IEEE Transactions on Pattern Analysis and Machine Intelligence
|February 21, 2009
PubMed
Summary
This summary is machine-generated.

This study introduces a novel learning-based tracker, Number of Sequences of Learned Linear Predictors (NoSLLiP), that optimizes computational efficiency and robustness for object tracking.
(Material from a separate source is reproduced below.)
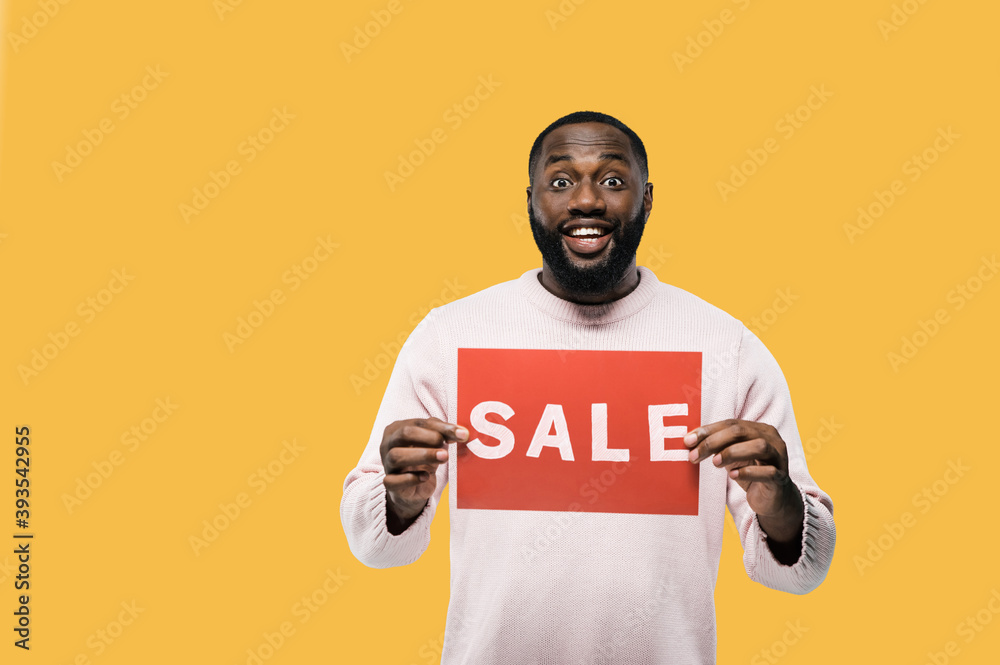 Handsome happy african american man is holds a red "sale" sign in his hand while looking at the camera and smiling, standing on a orange isolated background

It achieves high frame rates and superior performance compared to existing methods.

Related Experiment Videos

Area of Science:

  • Computer Vision
  • Machine Learning
  • Robotics

Background:

  • Object tracking is crucial for various applications but often faces challenges with computational complexity and robustness.
  • Existing tracking methods like SIFT detector and Lucas-Kanade tracker have limitations in speed and accuracy.

Purpose of the Study:

  • To develop a computationally efficient and robust object tracking algorithm.
  • To minimize computational complexity while maintaining user-defined probability of failure and precision.

Main Methods:

  • Proposes a Number of Sequences of Learned Linear Predictors (NoSLLiP) tracker.
  • Models object motion using local predictors and RANSAC for outlier tolerance.
  • Optimizes tracker design parameters (number of predictors, complexity, RANSAC iterations) during a learning stage.

Main Results:

  • Achieves tracking speeds of approximately 30 microseconds per predictor evaluation on a standard PC.
  • Demonstrates superior frame rates and robustness compared to SIFT, Lucas-Kanade, and other trackers.
  • Validated on extensive public datasets with ground-truth data.

Conclusions:

  • The NoSLLiP approach offers a significant advancement in efficient and robust object tracking.
  • The learning-based optimization effectively reduces tracking complexity to minimal computations.
  • This method provides a strong foundation for real-time computer vision applications.